# 12 Gauge alarm mine



## BradG

Hoping his isn't breaking any rules posting it here? if so no offence if the thread's deleted.

This is a 12 gauge tripwire alarm. firing pin is cocked back and held in place with an insert which is attached to the trip wire.

a 12 Gauge BLANK shotgun cartridge is inserted, and the device is pointed downwards.

Two screw mounting holes on the rear allow for it to be screwed to a tree or barn etc.

Great for perimeter security of a campsite, with the line low enough to catch wildlife approaching, or high enough to allow an animal to pass, but to be triggered by intruders. Also attached to doors, triggering the device when the door is opened. Very effective shed alarm!

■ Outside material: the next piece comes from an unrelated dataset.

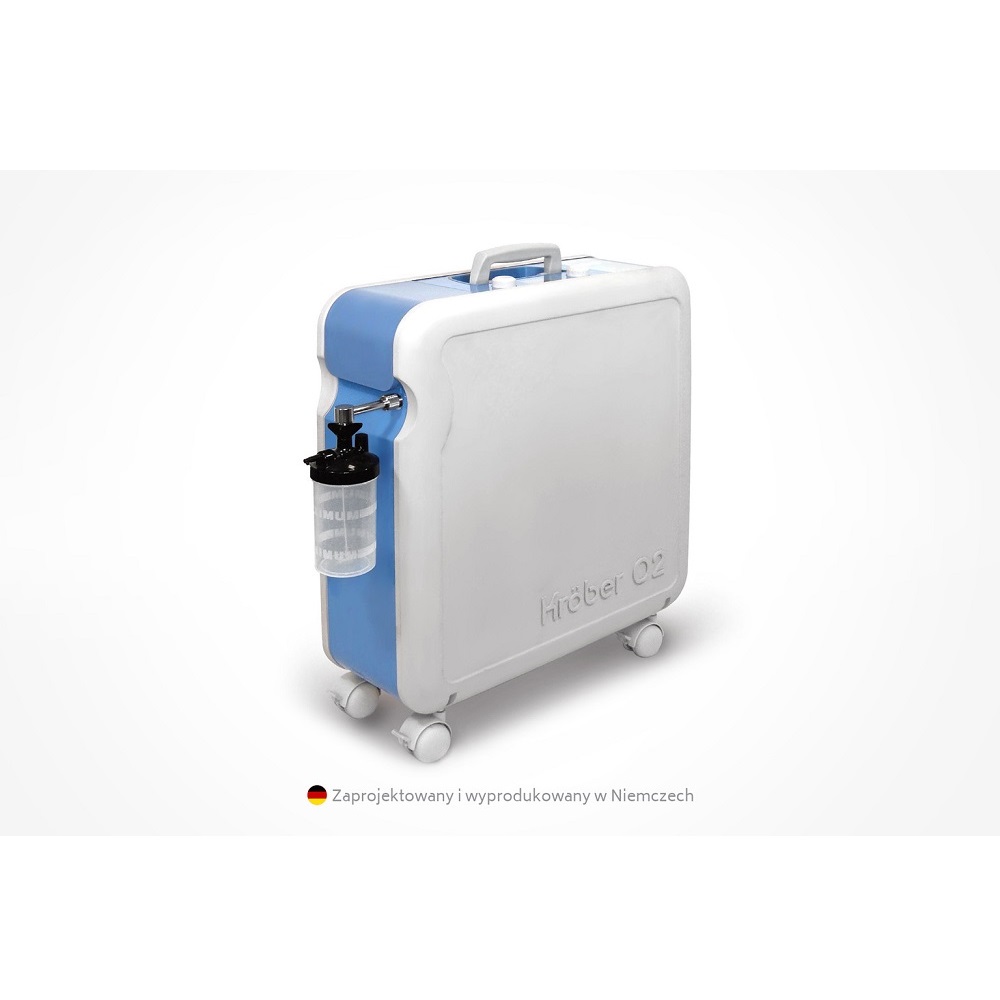 Koncentrator tlenu wyprodukowany w Niemczech. Niewielka , kompaktowa obudowa (w formie walizki. Rewelacyjnie cichy - tylko 35dB! Niewielka waga (19,8 kg). Niskie zużycie energii elektrycznej. Przepływ tlenu płynnie regulowany 0-6l/min (za pomocą w pełni elektronicznego przepływomierza). Komputerowy system samodiagnozujący (wyświetlacz LCD). Pełna diagnoza za pośrednictwem wbudowanego portu USB. Technik jest w stanie sprawdzić urządzenie w ciągu minuty!! Sprzęt firmy Kröber mającej ponad 25 letnie doświadczenie w produkcji rozwiązań do tlenoterapii z "najwyższej półki".

Need less to say il be either airbrushing or anodising it matte black. shiny silver isn't very covert!


----------



## D.Oliver

That's pretty sweet.   Now if you'll excuse me it looks like I need to do some cancellations for the pen stealing covert op to Blackpool I had planned!


----------



## longbeard

Thats awesome Brad, thanks for sharing.
Id say that would scare the crap out of any intruder


----------



## mredburn

Why does my mind stray to other uses.  Pretty cool Brad


----------



## plantman

Well Brad, that will definitely change the chemistry in one's shorts.   Jim  S


----------



## Chatham PenWorks

mredburn said:


> Why does my mind stray to other uses.  Pretty cool Brad



Glad I'm not the only one thinking of alternate uses.


----------



## BradG

Lol derek, a few too many sensors surrounding my home for those tactics.  I worked as a security consultant for a few years, so needless to say my inrerest in cctv and alarm systems is most probably  a little over the top lol

Mike by other uses I hope your referring to things like 12 guage flare cartridges and pointing it upwards


----------



## ericofpendom

Nice one Brad, but where do you refill the ink:wink:

Eric...


----------



## BradG

On the contrary , if it took ink, id have posted it in the show off your pens forum :tongue: :wink:


----------



## Janster

......where and how does one attach the "trip wire"?


----------



## johncrane

I want one thats a ripper Brad.


----------



## johncrane

plantman said:


> Well Brad, that will definitely change the chemistry in one's shorts.   Jim  S



if the intruder has a weak heart! one might not worry whats in one's shorts:wink:


----------



## BradG

Heart attack for trespassing on my property? ... I call that karma :wink:


----------